• DATASET CONTENT
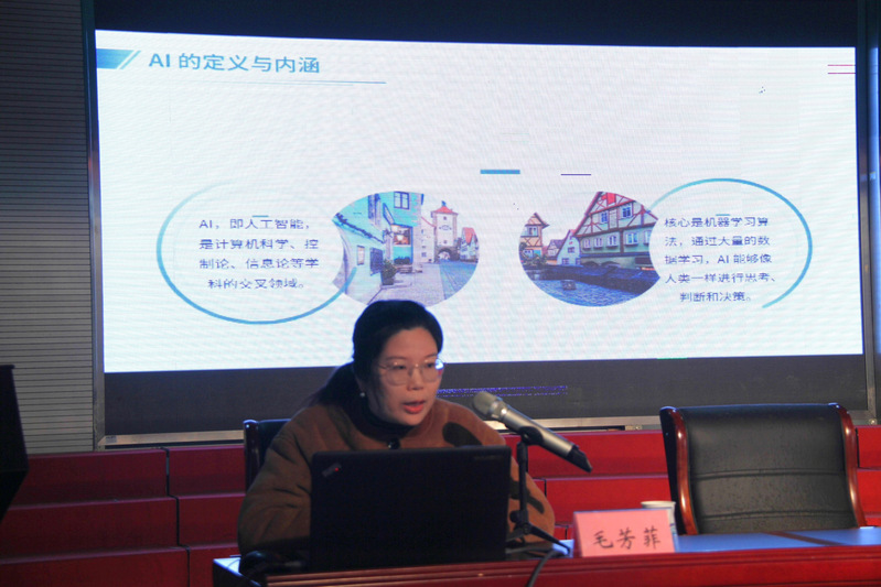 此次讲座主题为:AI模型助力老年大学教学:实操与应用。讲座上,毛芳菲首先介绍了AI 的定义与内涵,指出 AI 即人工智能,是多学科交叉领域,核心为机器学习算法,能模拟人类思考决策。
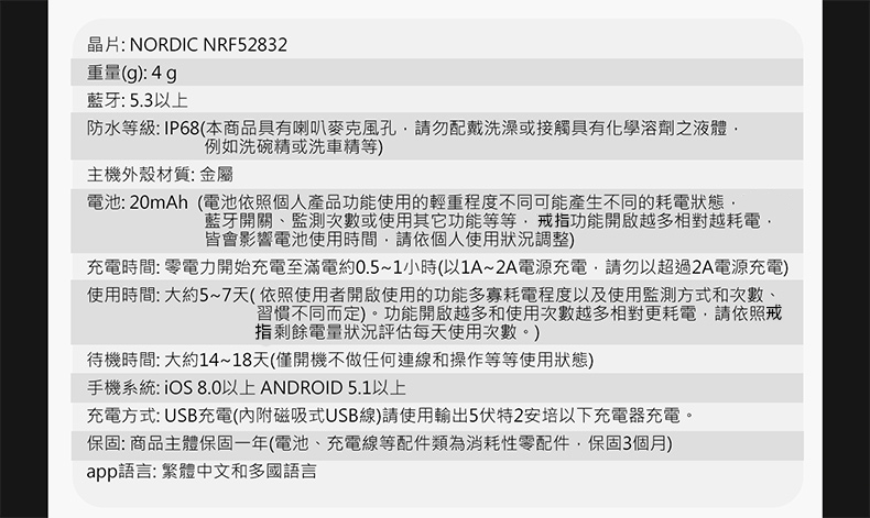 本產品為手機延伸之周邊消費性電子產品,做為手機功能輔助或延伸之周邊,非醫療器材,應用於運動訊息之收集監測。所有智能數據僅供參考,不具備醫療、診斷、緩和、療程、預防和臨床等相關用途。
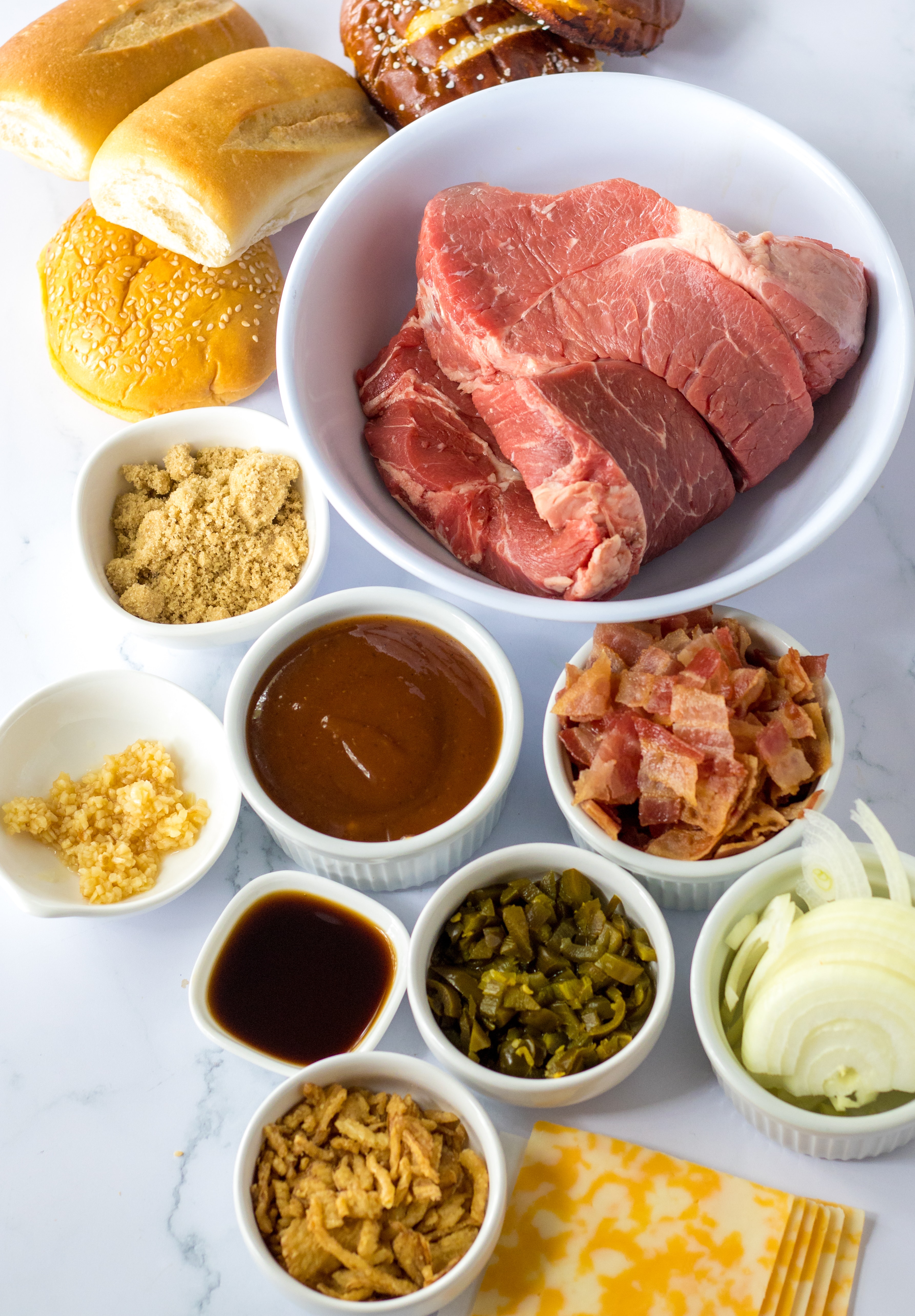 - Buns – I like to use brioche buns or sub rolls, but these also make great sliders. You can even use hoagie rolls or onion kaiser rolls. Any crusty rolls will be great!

• TASK PROMPT
The material must be returned exactly, with its pictures omitted.

• RESPONSE TO THIS TASK
 此次讲座主题为:AI模型助力老年大学教学:实操与应用。讲座上,毛芳菲首先介绍了AI 的定义与内涵,指出 AI 即人工智能,是多学科交叉领域,核心为机器学习算法,能模拟人类思考决策。
 本產品為手機延伸之周邊消費性電子產品,做為手機功能輔助或延伸之周邊,非醫療器材,應用於運動訊息之收集監測。所有智能數據僅供參考,不具備醫療、診斷、緩和、療程、預防和臨床等相關用途。
 - Buns – I like to use brioche buns or sub rolls, but these also make great sliders. You can even use hoagie rolls or onion kaiser rolls. Any crusty rolls will be great!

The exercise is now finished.